> _TO DO_
Should the entries contain pictures, leave them out and return exactly the lines from the first through the line holding "Pomimo głębokiej wtorkowej".

> _RECORDS FOR THIS TASK_

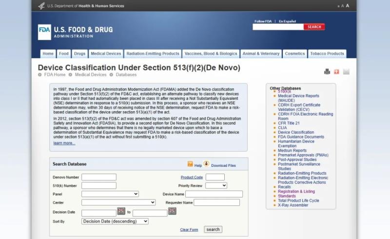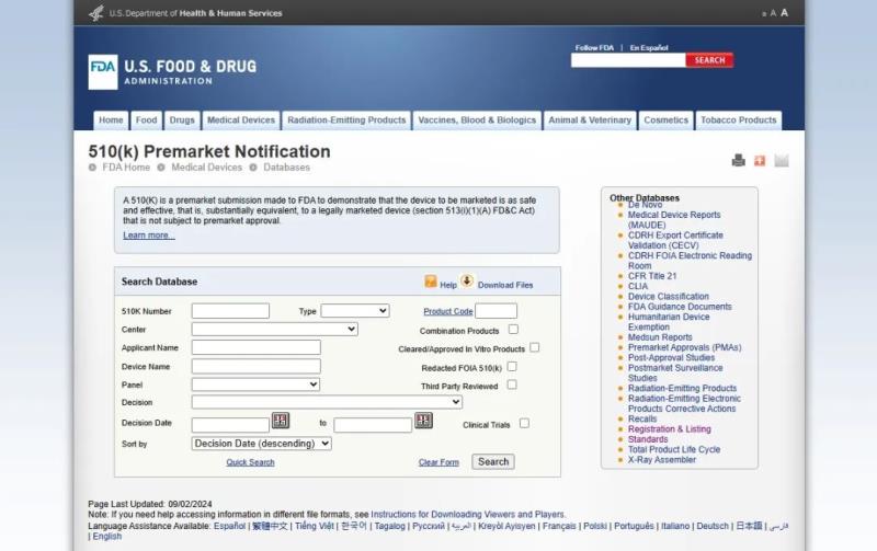 該數(shù)據(jù)庫包含所有通過510(k)路徑在美國(guó)上市的醫(yī)療器械信息。值得注意的是,該網(wǎng)址有一個(gè)最近更新日期,部分剛拿到510(k)號(hào)的產(chǎn)品可能查詢不到,等FDA官網(wǎng)信息更新后即可查詢。
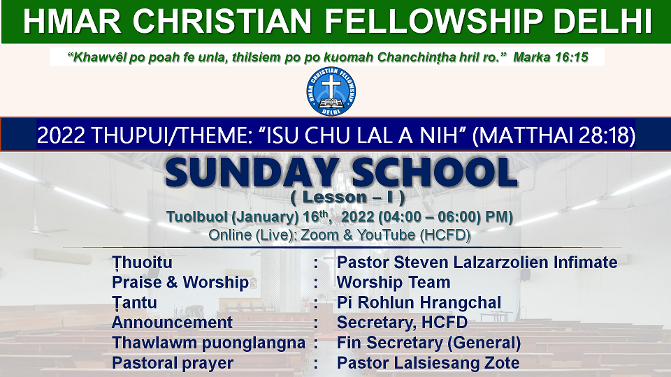 Topic: HCFD Sunday School (Lesson – I) Time: Jan 16, 2022 04:00 PM India
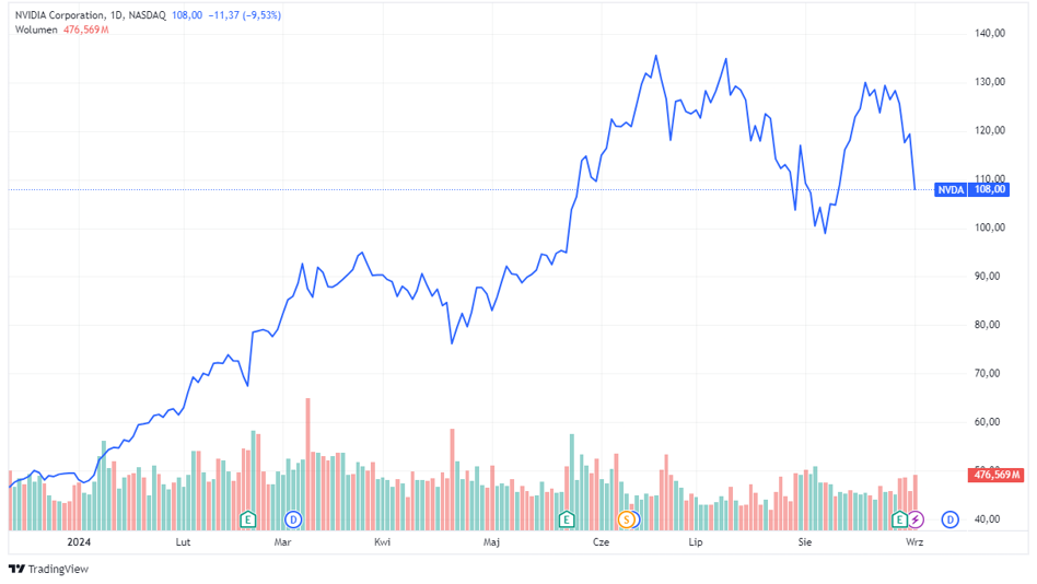 Pomimo głębokiej wtorkowej przeceny kurs akcji Nvidii znajduje się nadal 118 proc. wyżej niż na samym początku 2024 roku. Tydzień temu spółka przedstawiła swoje wyniki za drugi kwartał. Pomimo pobicia rynkowego konsensusu rynek przyjął je bez entuzjazmu.
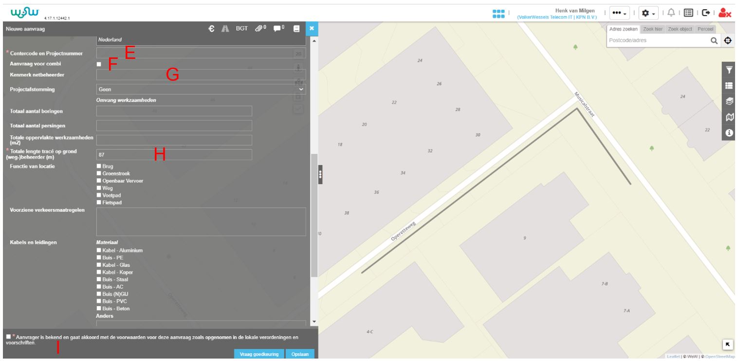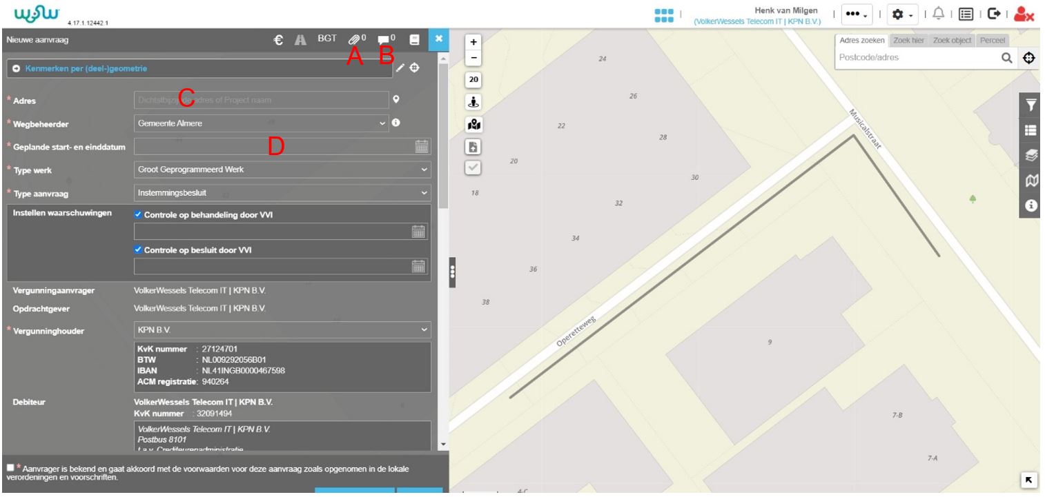 Na het accepteren van de voorwaarden kunt u de aanvraag opslaan of goedkeuring aanvragen bij de gemeente. Een opgeslagen aanvraag is niet te zien bij de gemeente. Vul daarnaast zoveel mogelijk gegevens in ook al zijn deze niet verplicht. Hoe vollediger de aanvraag is ingevuld hoe sneller de gemeente de aanvraag kan behandelen.
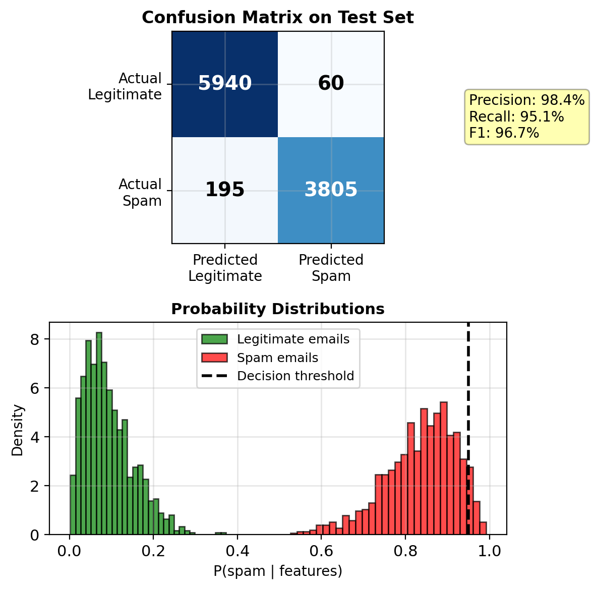 Recall (Sensitivity): Of true positives, how many found? \[\text{Recall} = \frac{\text{TP}}{\text{TP} + \text{FN}}\]
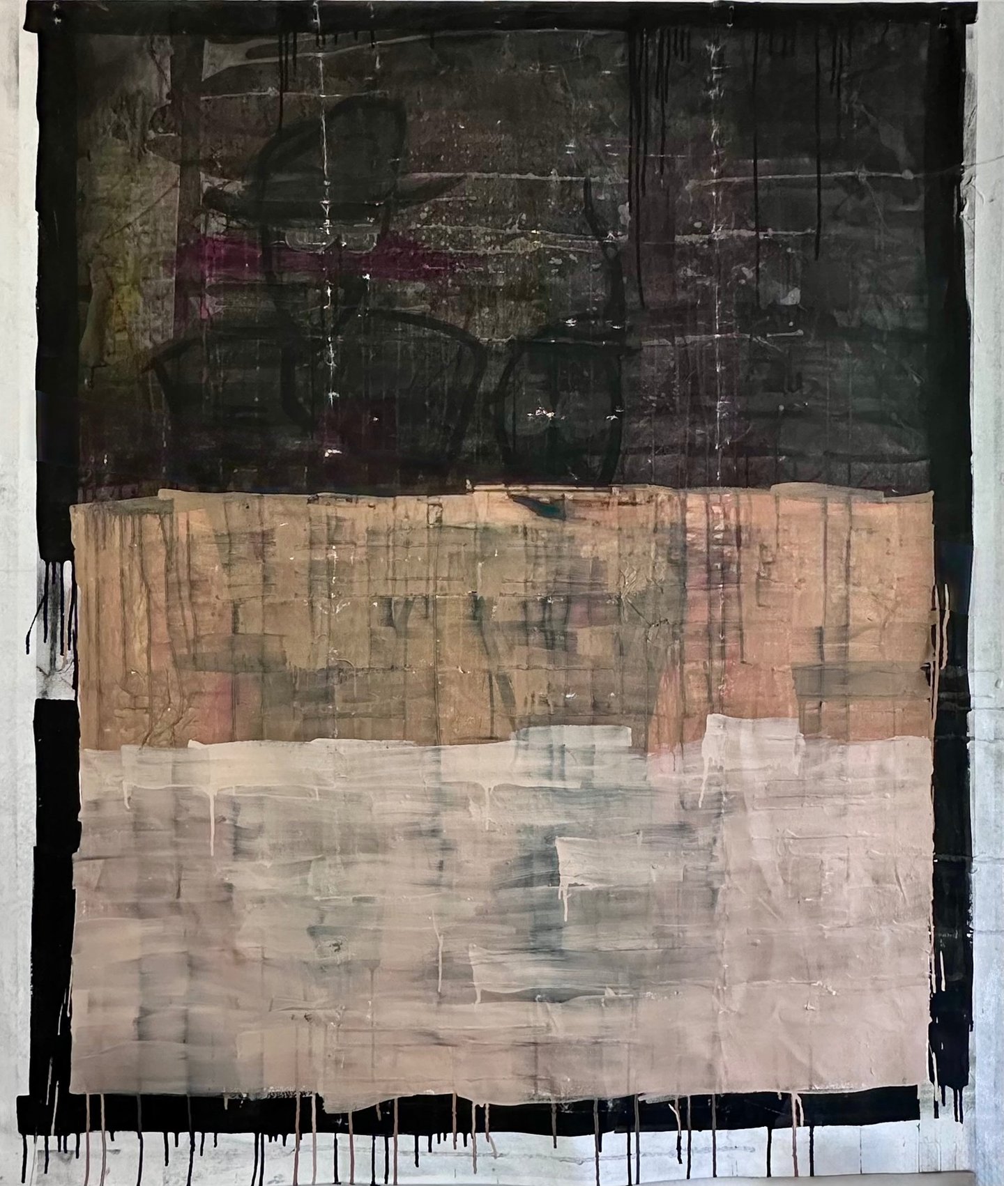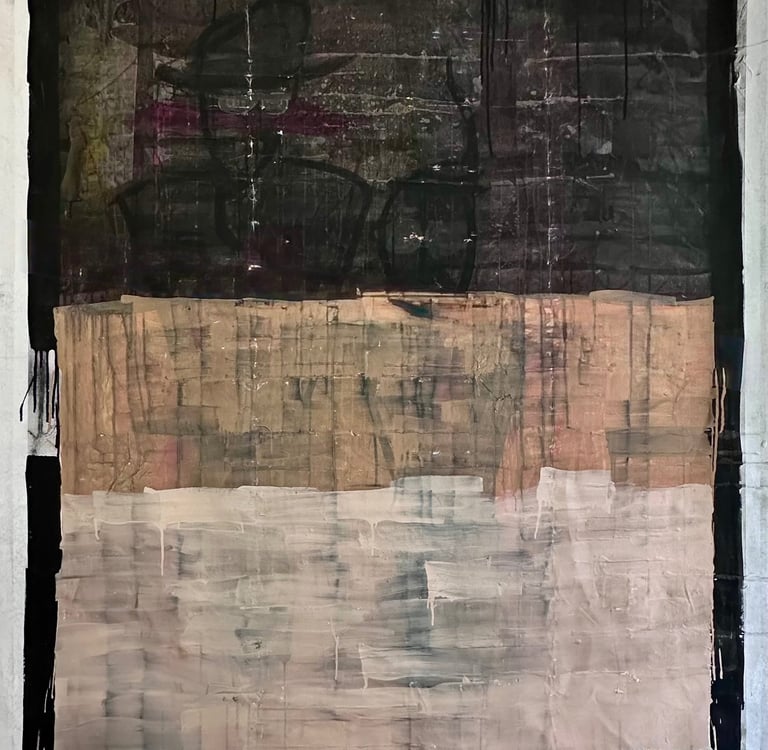 Acrylic, Charcoal, Pastel, Japanese Calligraphy Ink on Raw Canvas
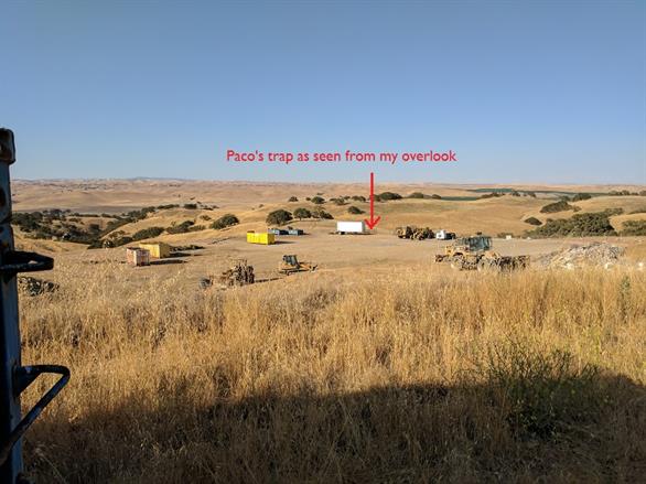 Preplan a location you can quietly observe and or listen for a trap activation. This should be downwind of the dog if possible (i.e. you don't want the dog to be able to smell you as it may keep the dog away).

> _SOLUTION TO THIS TASK_
 該數(shù)據(jù)庫包含所有通過510(k)路徑在美國(guó)上市的醫(yī)療器械信息。值得注意的是,該網(wǎng)址有一個(gè)最近更新日期,部分剛拿到510(k)號(hào)的產(chǎn)品可能查詢不到,等FDA官網(wǎng)信息更新后即可查詢。
 Topic: HCFD Sunday School (Lesson – I) Time: Jan 16, 2022 04:00 PM India
 Pomimo głębokiej wtorkowej przeceny kurs akcji Nvidii znajduje się nadal 118 proc. wyżej niż na samym początku 2024 roku. Tydzień temu spółka przedstawiła swoje wyniki za drugi kwartał. Pomimo pobicia rynkowego konsensusu rynek przyjął je bez entuzjazmu.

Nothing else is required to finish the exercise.